High — Plugin defense-in-depth

samplesize-calculate and samplesize-validate SKILLs now ship explicit "shell-injection defense" preambles instructing the LLM to:

registry-validate method_id against ^[a-z][a-z0-9_]*$
prefer --json-args-file <tmpfile> (new CLI flag) over inline --json-args <json>
never pass raw user text as a shell argument

Backed at the CLI by: --json-args-file, kwarg whitelist against the resolved methods signature, and _resolve_callable module-prefix allowlist (samplesize.tests.).
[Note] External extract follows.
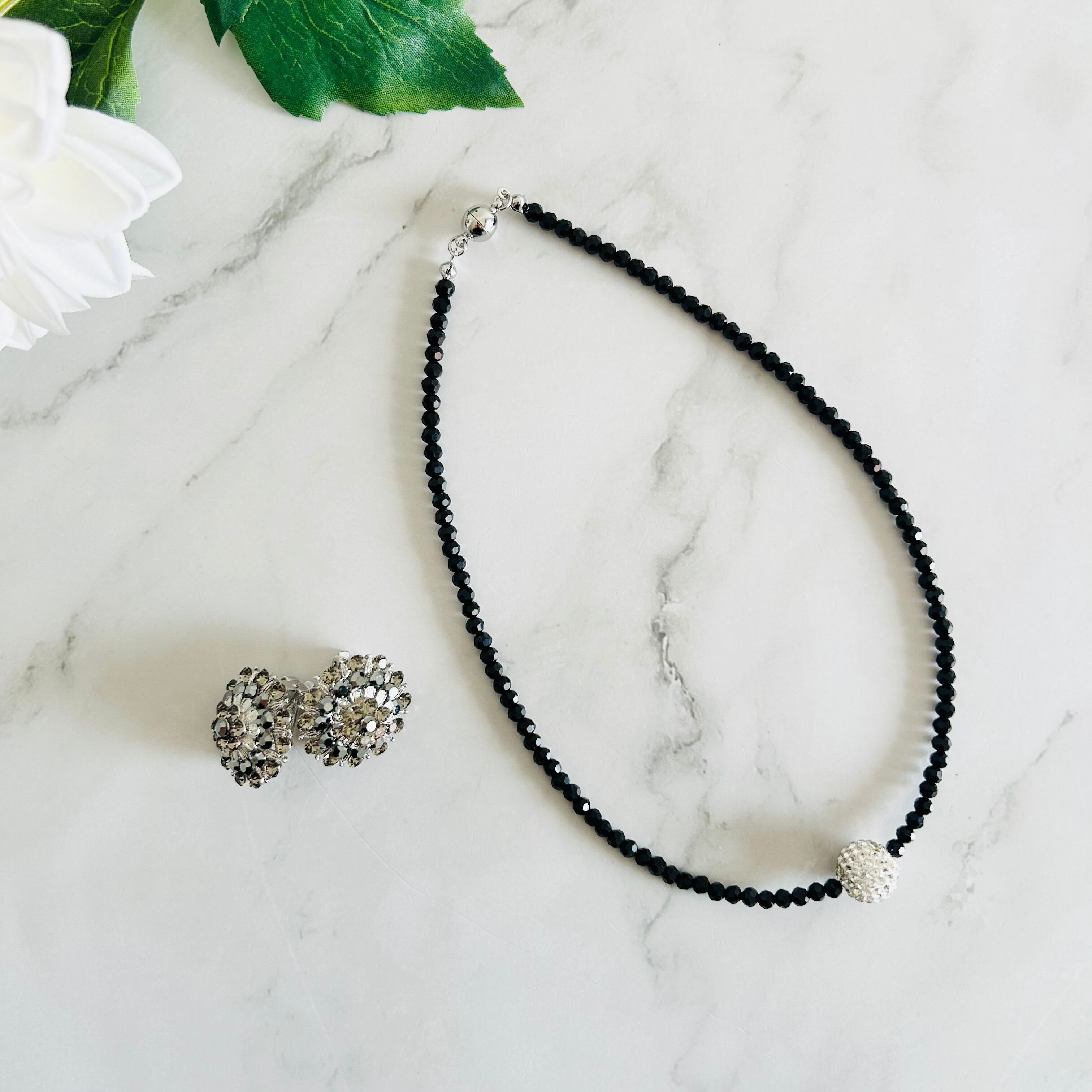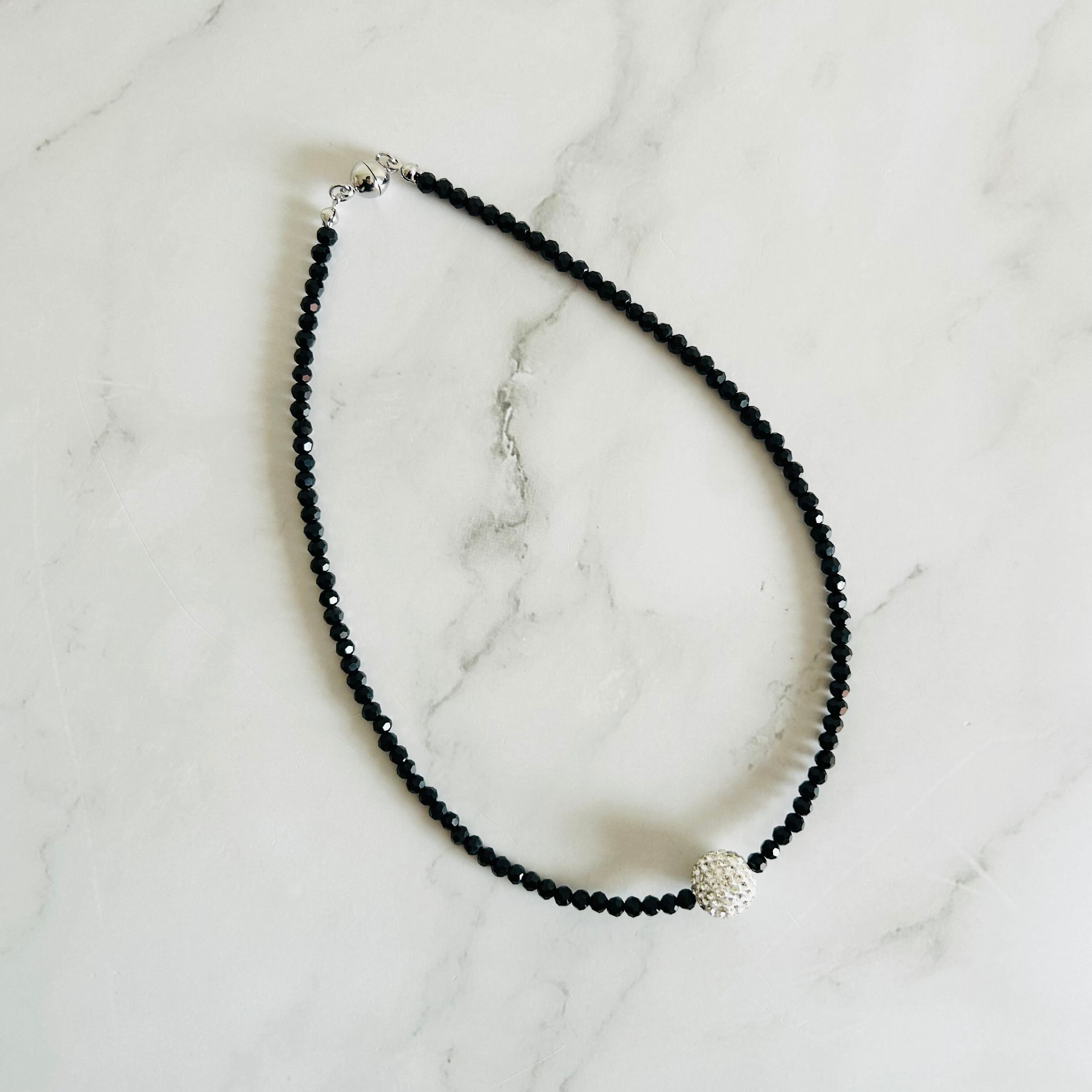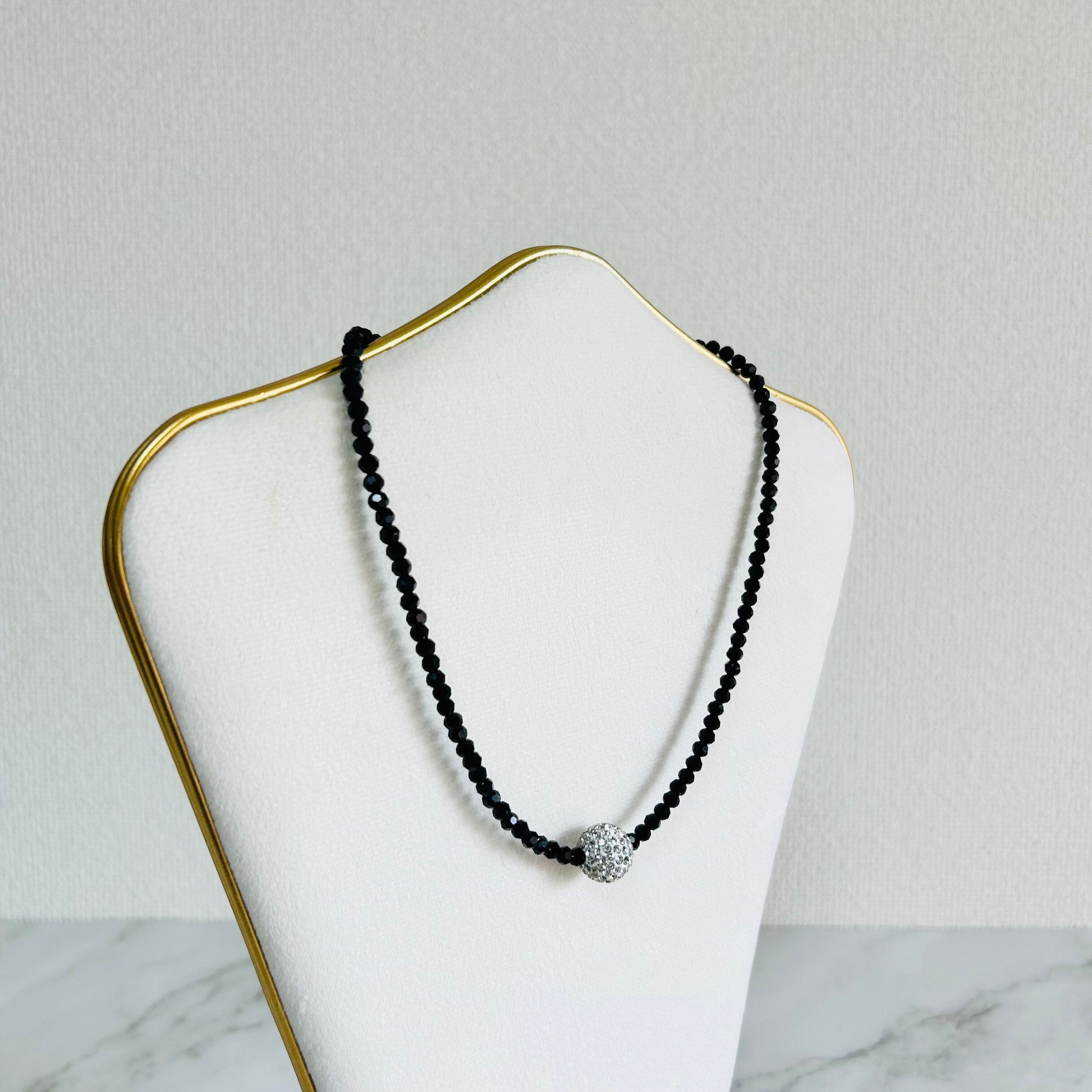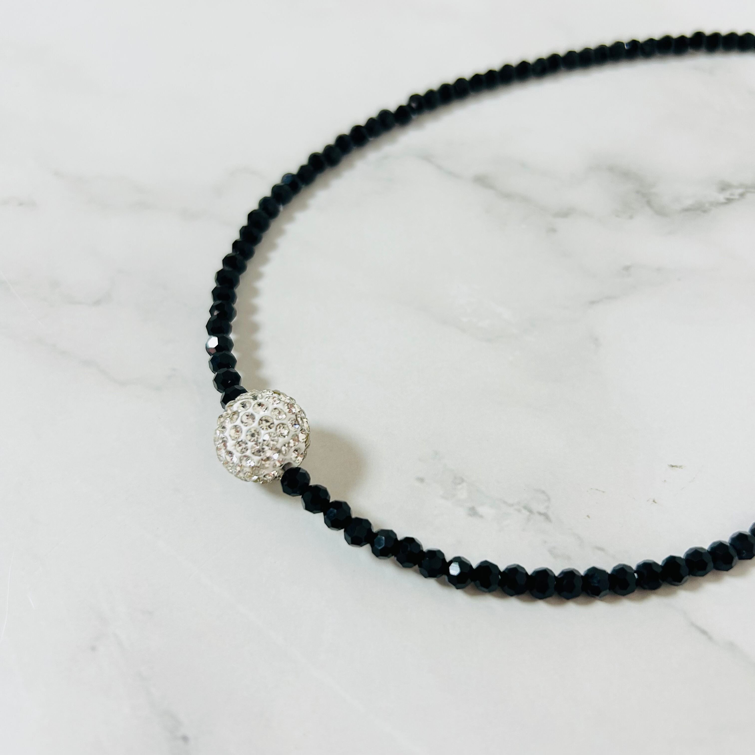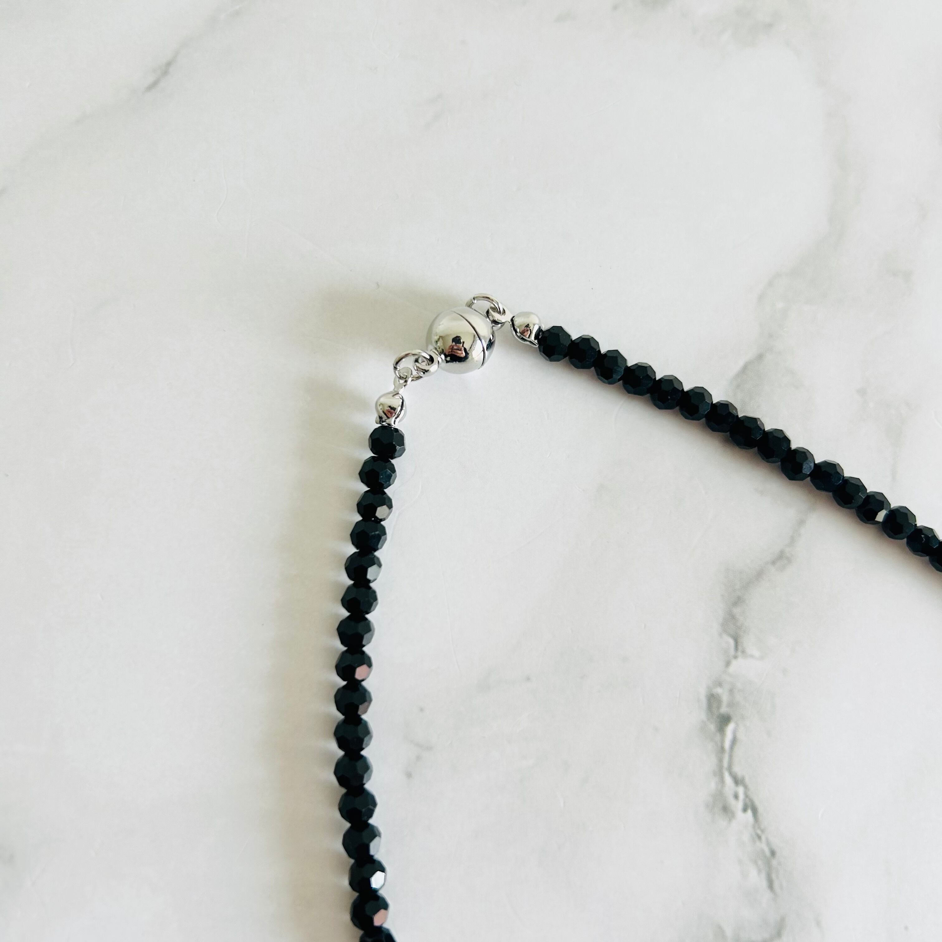 ブラック、クリスタル✖️シルバーカラーのネックレスです。

New `samplesize doctor` checks (11/11; was 9/9)

registry.decision-tree-leaves-exist — every leaf: in decision_tree.yaml is a registered method id (or a deliberate unimplemented: marker).
plugin.skill-kind-choices-exist — every --kind <name> referenced in plugin/*.md is in cmd_reports argparse choices.
The existing plugin.skill-cli-flags-exist now also scans docs/**/*.md and README.md.

Other fixes

reference_intervals_clinical_lab: linear N-search → binary search (5.5s → 0.004s worst case).
audit.py: microsecond suffix + method_id filename sanitization.
gen_method_coverage.py --check: substring → word-boundary regex.
grant_aims now honors --lang.
scipy>=1.17 floor (Anderson-Darling needs method="interpolate").
randomized_block_anova / reference_intervals_clinical_lab inputs_echo adds solve_for.
.github/workflows/release.yml: new verify job (doctor + coverage --check + pytest + ruff) gates build/publish so a v* tag on an unchecked commit cannot ship.

Verification

Full pytest: 1303 passed, 232 skipped, 0 failed.
samplesize doctor: 11/11.
gen_method_coverage.py --check: up to date (234 methods, 819 fixtures).
ruff check samplesize/ tests/ scripts/: clean.
Independent code-review pass (oh-my-claudecode:code-reviewer, opus): all HIGH/MED findings from the first pass either addressed or surfaced as trade-offs.
End-to-end repros confirmed: CI-method protocol text now reads "actual power of n/a" (not crash, not "0.0000", not literal "None"); two-sample power-curve now produces a real curve.

Process notes

4 parallel executor agents (opus) for the initial fix wave with non-overlapping file scopes.
1 follow-up executor (opus) for the reviewer-surfaced issues (the rec["result"] audit shape + None handling for protocol templates + unimplemented markers + audit docstring + doctor regex comment).
Separate code-reviewer (opus) pass between the two waves (writer/reviewer separation per OMC).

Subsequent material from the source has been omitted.